The current study was limited by its small sample size and the lack of a placebo control. The rise in triglycerides with raloxifene could be due to chance, but the stability of the triglyceride levels between the two baseline visits (on and off estrogen patch) argues against this. It is also important to remember that these susceptible women do not represent the general population. Although it is well documented that oral estrogen therapy can cause severe hypertriglyceridemia in some women, these women always have an underlying familial (primary) cause of hypertriglyceridemia (13,15,41). Severe hypertriglyceridemia (>2,000 mg/dl) almost always results from the coexistence of familial (primary) and secondary forms of hypertriglyceridemia (42). Severe exacerbation of familial forms of hypertriglyceridemia can be caused by untreated diabetes; hypothyroidism; alcohol or drugs; hormones, including oral (but not transdermal) estrogen (16,17), tamoxifen (another selective estrogen receptor modulator), and clomiphene; β-blockers; thiazide diuretics; cyclosporine; isotretinoin (Accutane); protease inhibitors; atypical antipsychotics; and glucocorticoids (43,44). The ability of these drugs to induce hypertriglyceridemia in susceptible individuals is not well recognized by clinicians, as Goldenberg et al. (45) recently found that 53% of women referred to a lipid clinic with triglyceride-induced pancreatitis were still receiving oral estrogen therapy and only 25% were being treated with fibrate medications.

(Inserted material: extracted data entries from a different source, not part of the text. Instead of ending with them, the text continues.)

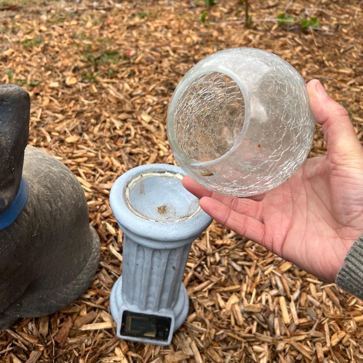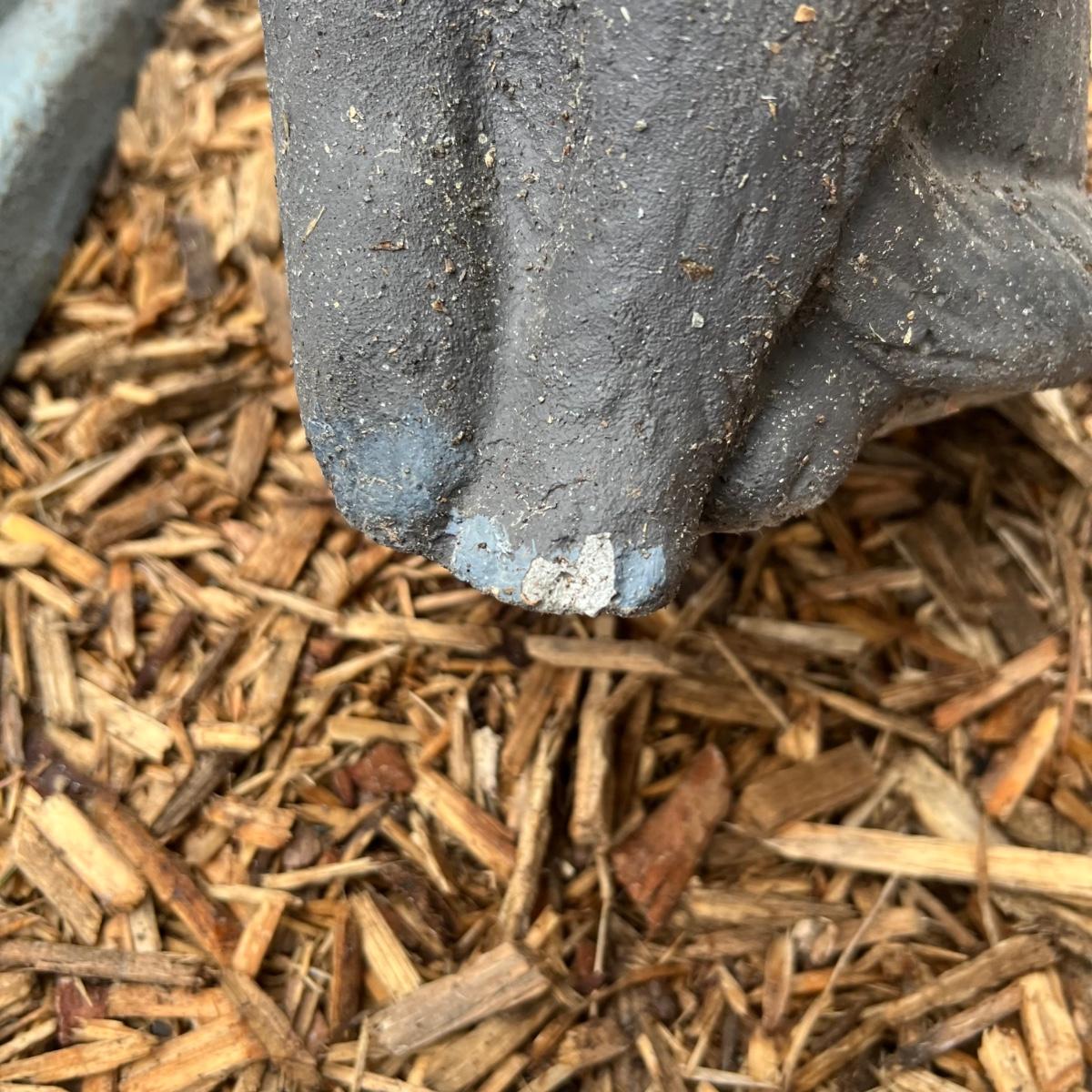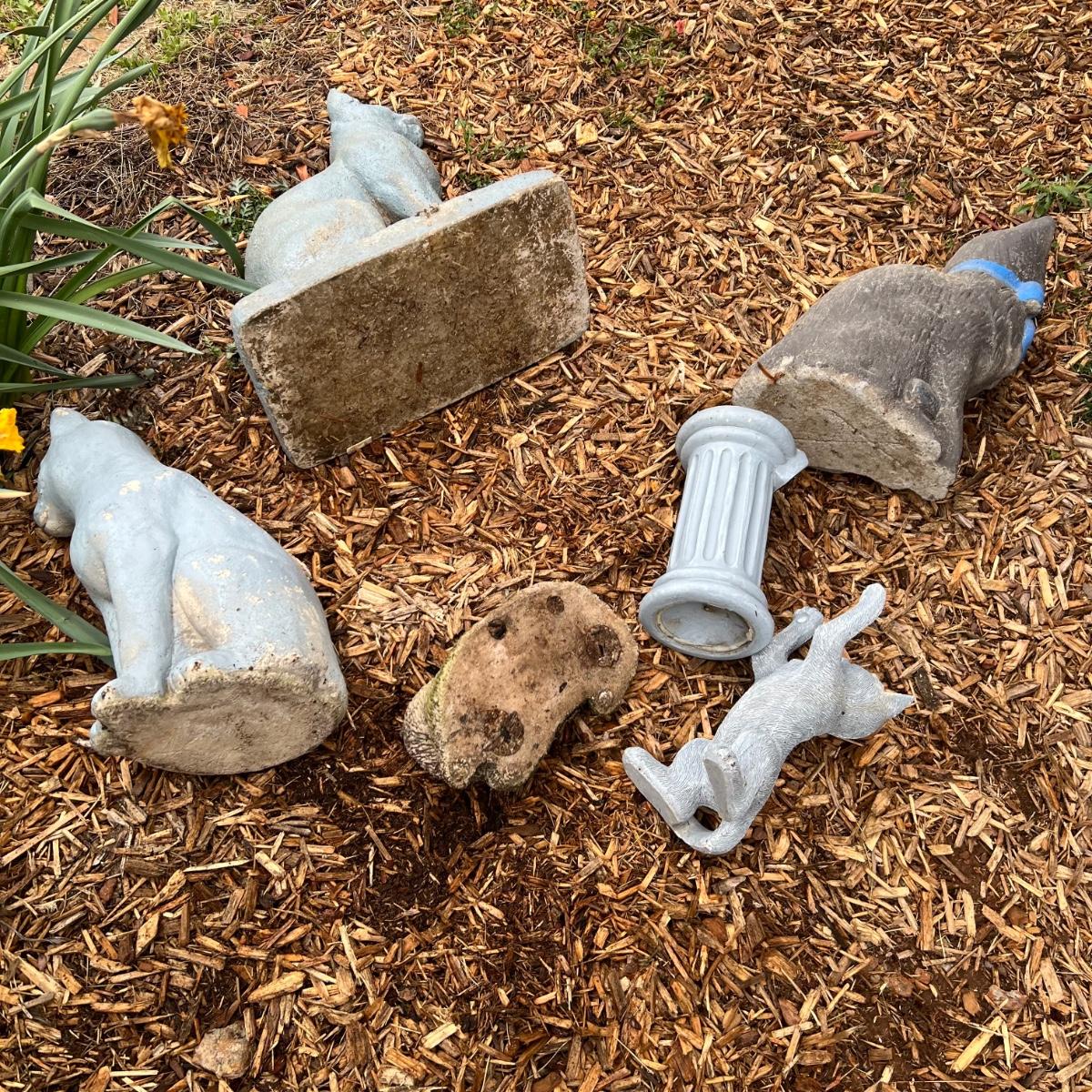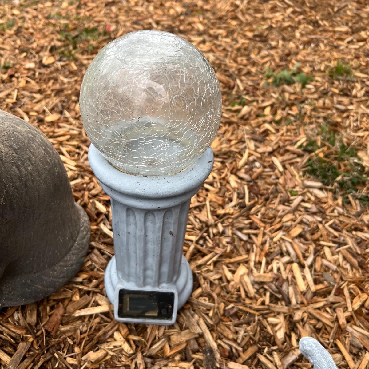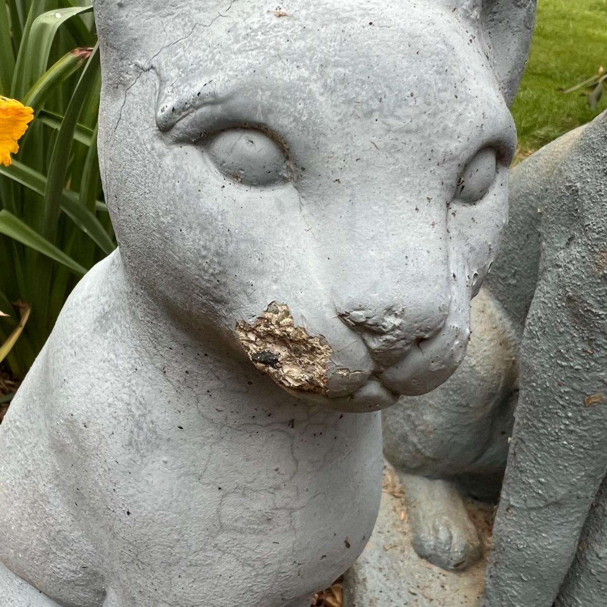 Five cat statues includes four that are cement and the fifth one being plastic. The plastic cat stands against a plastic pillar with a glass globe top; there is a solar panel which appears to no longer work. The four cement statues are heavy. There are a few chips, etc shown in images.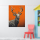 Undead Deer on Bold Orange Backdrop Poster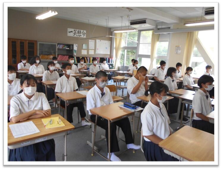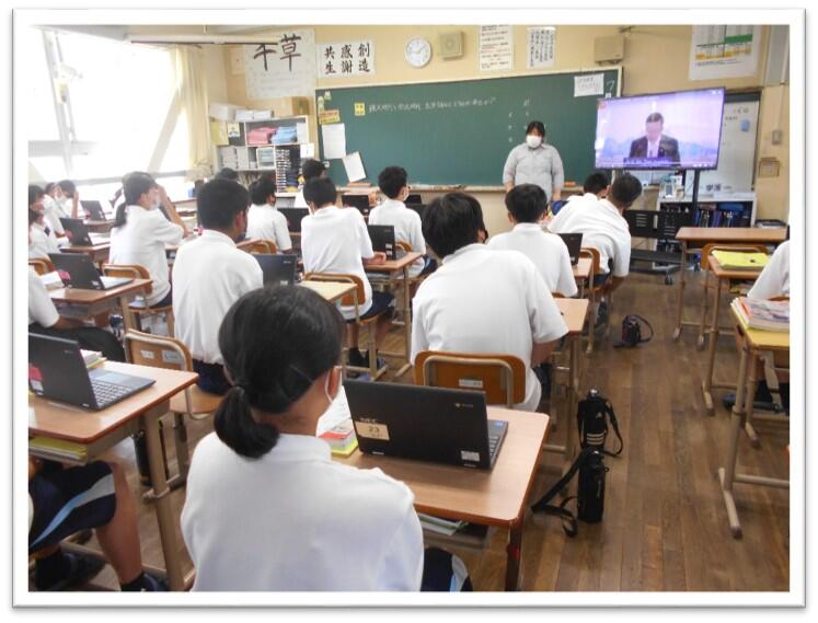 コロナの影響で、今回もリモート開催です。校長室を会場に、ます、表彰を行い、その後、各学年代表と生徒会代表の4名が、1学期の反省を発表しました。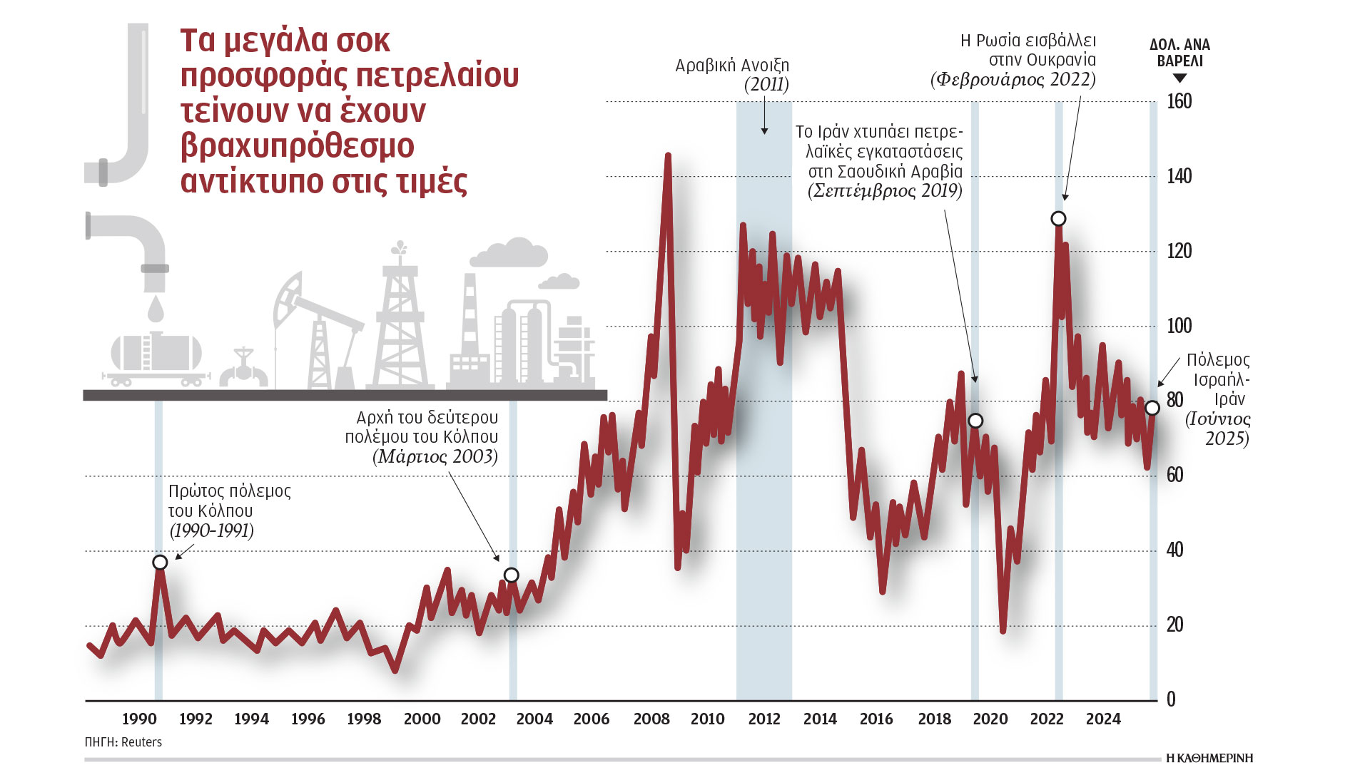 Δεδομένης αυτής της αβεβαιότητας, οι τιμές του Brent εκτινάχθηκαν τη Δευτέρα αρχικά γύρω στα 80/βαρέλι πριν υποχωρήσουν κάτω από τα 72 δολ., ενώ από την έναρξη των συγκρούσεων στις 13 Ιουνίου έχουν σκαρφαλώσει κατά 10% περίπου.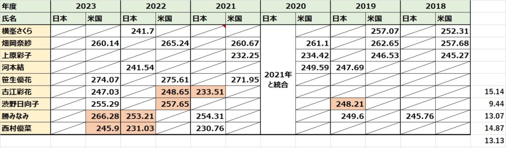 なお、日本の女子プロで、日米でのドライビングディスタンスのデータを並べてみました。2023年の米国データは、6月12日の閲覧データです。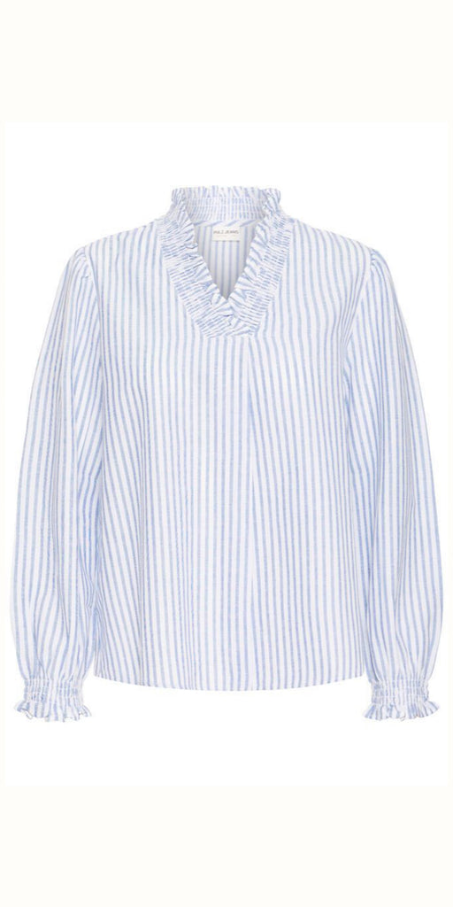 The AUDREY blouse, by PULZ Jeans, offers effortless femininity with its soft blue stripes, ruffled neckline, and gently gathered sleeves. Light, airy, and beautifully detailed, it’s the perfect piece for elevating everyday denim or pairing with tailored separates for a fresh, polished look.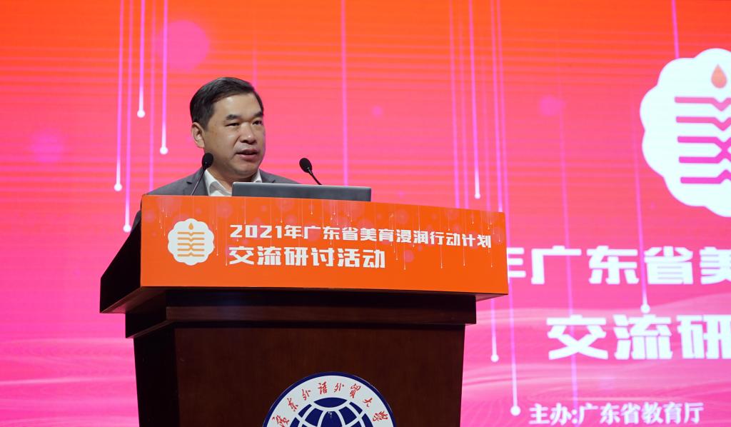 2020年1月7日广东省教育厅美育浸润行动计划现场交流研讨活动在广东外语外贸大学艺术学院举行。本次活动由广东省教育厅主办,广东外语外贸大学承办,广东外语外贸大学艺术学院协办。广东省教育厅二级巡视员邱克楠,广东省教育厅体卫艺处处长陈健生,广东省教育厅体卫艺处三级调研员康天东,广东省美育教育教指委主任、星海音乐学院院长蔡乔中,广东外语外贸大学副校长焦方太,广东省教育厅美育浸润行动计划参与高校校领导,各高校美育浸润行动计划具体负责人,18个美育对口帮扶地区教育局领导等100余人参与了此次会议。

We have shown that susceptible women (i.e., those with a history of severe hypertriglyceridemia on oral estrogen) may develop clinically relevant hypertriglyceridemia when treated with raloxifene. The three women who developed marked hypertriglyceridemia on raloxifene had higher baseline triglyceride and glucose levels, were not being treated with lipid-lowering agents, and were more likely to have diabetes. Patients with a history of hypertriglyceridemia in response to oral estrogen therapy should have their serum triglyceride levels monitored closely after beginning raloxifene therapy and may even require fibrate therapy before beginning raloxifene.

This study was performed at the request of the U.S. Food and Drug Administration Advisory Board and was supported by a grant from Eli Lilly and the National Institutes of Health (NIH; HL-64322). M.C.C. was supported by an NIH K23 Award (RR-16067).

We thank Suresh Siddhanti, PhD, and Rodney Basson, PhD, for contributions to the study design and protocol, Carey Carr for study implementation and data collection, and David A. Cox, PhD, for review and input on the manuscript.